The invader was introduced after the community of resident taxa equilibrated (figure 1c,d). Equilibrium was determined as when the maximum change in any taxon's population was less than 0.001 between timesteps. The invader had a fixed competition value of 0.9 in all simulations (generally larger than that of native taxa), and did not have any cross-feeding relationships. The lack of cross-feeding relationships is the primary way in which the invader differs from native taxa. There are multiple reasons why invasive taxa were not allowed to cross-feed in the model. First, I reasoned that cross-feeding relationships often need time to develop (e.g. time for proper spatial configuration [18], construction of nanotubes [19], or within-host coevolution [20]), and that an invading taxon would therefore have no pre-existing methods of directly acquiring metabolites. Additionally, many studies of invasive taxa have concluded that invasive taxa differ from native taxa in their biotic interactions (as reviewed in [21]). The lack of cross-feeding relationships for invaders differentiates the biotic interactions of invaders from those of native taxa. Finally, the invader was given a relatively high competition coefficient because strong competitive ability can be another characteristic trait of invasive taxa [22].
After the invader was added, the simulation continued until the community again reached equilibrium. A successful invader changes the abundances of native taxa by introducing additional competition for metabolites. After the model equilibrates, a second invader with a different, randomly chosen metabolite profile was added, and again the model was run until equilibrium. At each of these three equilibria (without invader, after the first invader, and after the second invader), I recorded properties of the community and properties of the cross-feeding network established between community members (figure 1b).
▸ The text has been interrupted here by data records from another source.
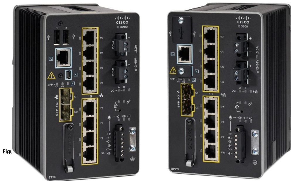
Cisco Catalyst IE3200 Rugged Series

The IE3200 series supports power budget of up to 240W for PoE/PoE+, shared across 8 ports, and is ideal for connecting PoE-powered end devices such as IP cameras, phones, wireless access points, sensors, and more.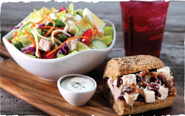
SALAD + SANDWICH $12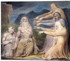
Job Rebuked by His Friends.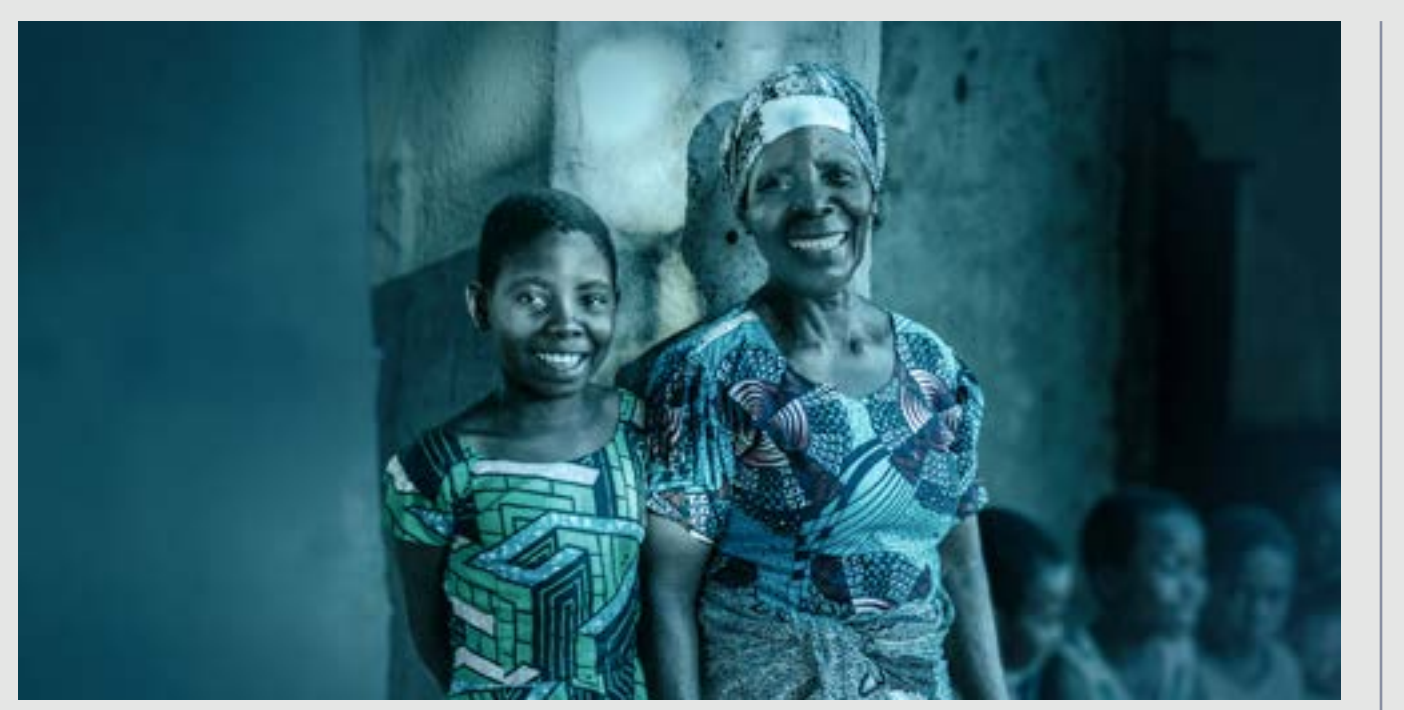
Zayed Sustainability Prize supported solar energy solutions in rural African communities

The community-level outcomes recorded were persistence of the invaders, total individuals in the community, number of taxa present in the community, and the number of metabolites in the environment at equilibrium (table 1). Successful invaders were counted in the total number of individuals and total number of taxa. The network-level outcomes recorded were the number of metabolites traded during each timestep, the average number of cross-feeding relationships (abbreviated in figures as ‘flows’ of metabolites) for each taxon, and the average number of cross-feeding relationships (again, metabolite ‘flows’) providing each taxon's growth-limiting nutrient (table 1). Finally, I also tested whether the second invader could persist in the absence of the first invader by resetting the community to its first equilibrium and adding only the second invader. I evaluated these model outputs while changing the proportion of cross-feeding relationships and the degree of competition present between taxa.
Table 1.
input parameters | value |
---|---|
maximum number of taxa in community (x) | 20 |
number of possible metabolites (m) | 8 |
number of metabolites required by each taxon (n) | 5 |
number of metabolites excreted by each taxon (q) | 3 |
flushing rate of cells and metabolites (f) | 0.1 |
metabolite input rate (i) | 200 per timestep for each metabolite |
proportion of direct cross-feeding relationships (p) | 0.0–0.5 in increments of 0.01 |
mean competition coefficient of native taxa (c) | 0.5–0.8 in increments of 0.01 |
standard deviation of competition coefficients (v) | 0.3 * mean competition coefficient (c) |
measured model outputs | definition |
persistence of invader | an invasion was deemed successful if the invader had an abundance greater than 1 at model equilibrium |
total individuals | sum of all individuals from all taxa at equilibrium |
taxa coexisting | number of taxa with at least 1 individual present at equilibrium |
metabolites at equilibrium | sum of all metabolites present in the environment at equilibrium |
metabolites traded | sum of all metabolites directly exchanged through cross-feeding |
flows per taxon | number of direct cross-feeding relationships per taxon |
redundancy of limiting flows | average number of cross-feeding relationships that provide the growth-limiting nutrient to each taxon |
Parameter values used in model simulations can be found in table 1. Any randomly generated competition values below 0.1 were set to 0.1, as to minimize the outcome that no taxa were able to persist in the community. Results were qualitatively similar regardless of the number of taxa used in the simulation (x), so long as there were sufficiently many taxa (at least 8–10). I generated 5000 simulated communities for each combination of competition coefficient and cross-feeding proportion, resulting in a total of 7 905 000 simulated communities. Thus, there are 5000 values of each model output for each set of parameters evaluated. In a small fraction of runs (3.5%, on average), the model resulted in a stable limit cycle or did not equilibrate within 40 000 timesteps, and these runs were discarded.
3. Results
The proportion of possible cross-feeding relationships present in a community strongly influenced community structure and connectivity of the metabolite exchange network. Higher prevalence of cross-feeding was related to increased diversity, increased productivity (more individuals in the community), fewer metabolites in the environment, and increased metabolite exchange between individuals.
Biotic interactions between taxa within the native microbial community were strong determinants of whether an invading taxon could persist in the community. Invasive taxa were most successful when both competition and cross-feeding within the resident community were weak (figure 2a). When competition and cross-feeding were at their lowest values, invaders were successful in nearly every community, whereas invaders succeeded less than 1% of the time in communities with the maximum competition and cross-feeding values. Secondary invaders (those introduced at model equilibrium after the first invader) were more successful than primary invaders across all values of competition and cross-feeding (figure 2b). The largest discrepancy between the success of secondary invaders versus the success of primary invaders was at intermediate cross-feeding values (figure 2c).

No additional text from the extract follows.